Miles slid the ID card aside, revealing what was beneath. It was a stack of crime scene photographs, old and slightly faded. The first one was a close-up of the dead boy from the exam paper.
"Finch developed a test," Miles continued, his voice a grim monotone. "A special 'scholarship' exam for students he'd singled out. The test you took. He'd lock them in, make them detail his own previous murders, and then he'd give them the final choice. To him, anyone who would choose to die, who would follow the instructions of an authority figure to the point of self-destruction, was unworthy of life. They were the ones who 'passed' his exam."
Leo stared at the photo, then back at the blood-flecked exam in the bag. The blood… the arterial spray… it was from this boy. This victim. His exam paper was a piece of a five-year-old crime scene.
"The photos he showed you," Miles said, confirming Leo's dawning horror. "They were real. Trophies from his previous victims. He was a serial killer, Leo. One of the most meticulous and sadistic the state has ever seen."

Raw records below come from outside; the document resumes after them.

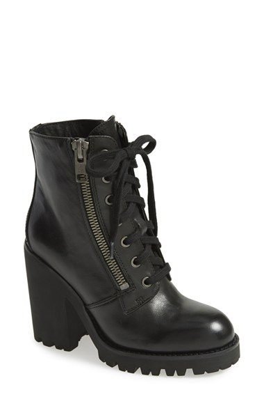 A rubber block heel supports a leather moto boot styled with sleek side zip closures and a laced-up vamp. Color(s): black. Brand: Ash. Style Name: Ash 'Poker' Leather Boot (Women). Style Number: 758287.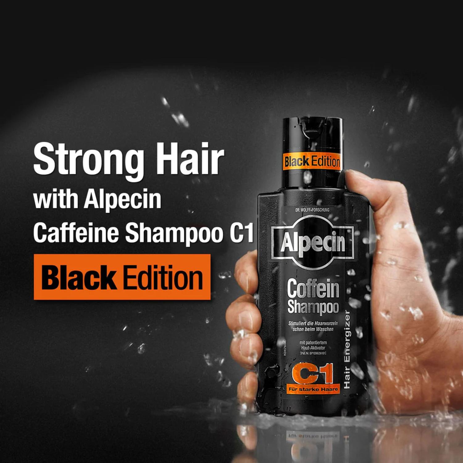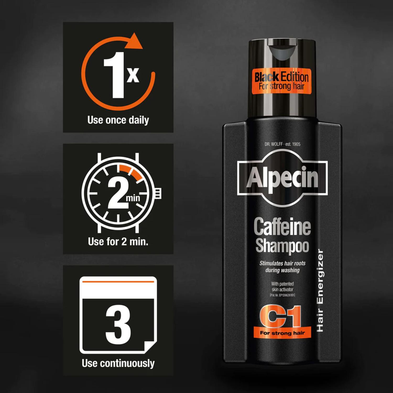 شامپو ضد ریزش کافئین دار سیاه آلپسین C1 ا Black Edition 250ml ؛ استفاده منظم و طولانی مدت از شامپو آلپسین سی وان مشکی، به جلوگیری از پیری زودرس مو کمک کند. این شامپو  یک نسخه قوی تر به نسبت شامپو کافئین میباشد. بعد از استفاده این شامپو میتوان تاثیر سریع آن را بعد از 2 دقیقه ماندگاری روی کف سر مشاهده کرد.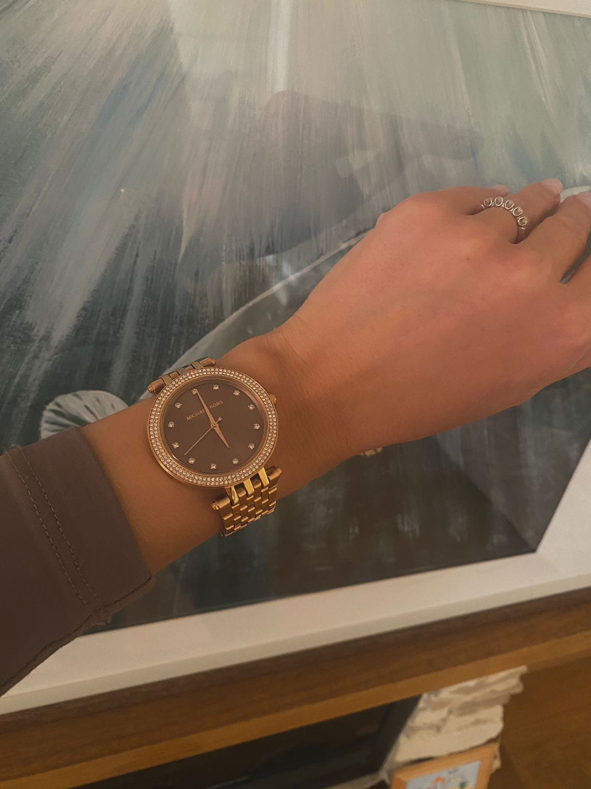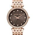Женские американские часы Michael Kors Darci MK3217, кварцевый механизм с высокой точностью. Минеральное стеклоМинеральное стеклоМинеральное стекло представляет собой искусственно выращенный минерал кварца. Такое стекло отличается особой устойчивостью к повреждениям и царапинам. Уступает по некоторым качествам сапфировому стеклу., устойчивое к мелким механическим повреждениям. Корпус часов выполнен из нержавеющей стали с PVD-покрытиемPVDУльтратонкое покрытие наносится в технике вакуумного напыления, сочетает в себе нитрид титана особой прочности со слоем золота или оксида хрома. Несёт в себе декоративную или защитную функцию.. БезельБезельВнешний ободок, закрепляющий стекло. В спортивных часах так называется поворотное кольцо с делениями на циферблате, выполняет роль таймера – замеряет отрезки времени на шкале. Неподвижный безель – элемент декора. Однонаправленно вращающийся безель на дайверских часах позволяет фиксировать моменты погружения и выныривания на поверхность. и циферблат украшены кристаллами. Класс водозащиты: 50 метров, позволит защитить корпус от случайных брызг или капель дождя. Стальной браслет с PVD-покрытиемPVDУльтратонкое покрытие наносится в технике вакуумного напыления, сочетает в себе нитрид титана особой прочности со слоем золота или оксида хрома. Несёт в себе декоративную или защитную функцию. миланского плетения на раскладном замкеРаскладной замокДанный вариант застежки используется только на часах с металлическим браслетом. Отличительная особенность такого крепления в том, что длина браслета становится универсальной и вы можете самостоятельно отрегулировать нужный вам размер – застежка просто двигается по браслету часов..

The room felt like it was tilting, the sterile white walls closing in. The antiseptic smell was choking him. His tormentor had a name. The test was real. The victims were real. He had been locked in a room with a monster, forced to write a dissertation on his atrocities.
"So… you're going to catch him?" Leo asked, his voice barely audible. "This… this Finch?"
Detective Miles looked at him, and for the first time, Leo saw a glimmer of something beyond weariness in the man’s eyes. It was a deep, unsettling pity.
"That's the part people have trouble with," the detective said softly. He slowly, deliberately, slid the last document from the folder. It was a copy of an old newspaper clipping, the headline stark and bold.
BLACKWOOD PROFESSOR KILLED BY STUDENT IN CAMPUS HORROR
Leo’s eyes scanned the text, his mind refusing to assemble the words into coherent sentences. He saw phrases. 'Reign of terror over'...'final victim fought back'...'bludgeoned with a fire extinguisher'...
"Alistair Finch isn't a man we can arrest, Leo," Detective Miles said, his voice laying the final, soul-crushing stone in place. "He's not a fugitive. He’s not a suspect in an active investigation."
The detective tapped a date printed in the newspaper article. It was from five years ago.
"Professor Alistair Finch died in that exam room. His last intended victim managed to get the upper hand and killed him before he could finish the test." Miles leaned forward, his eyes locking onto Leo’s, forcing him to accept the impossible, terrifying truth. "The man who gave you that exam, the man who locked you in that room and tried to burn you alive… he was a ghost."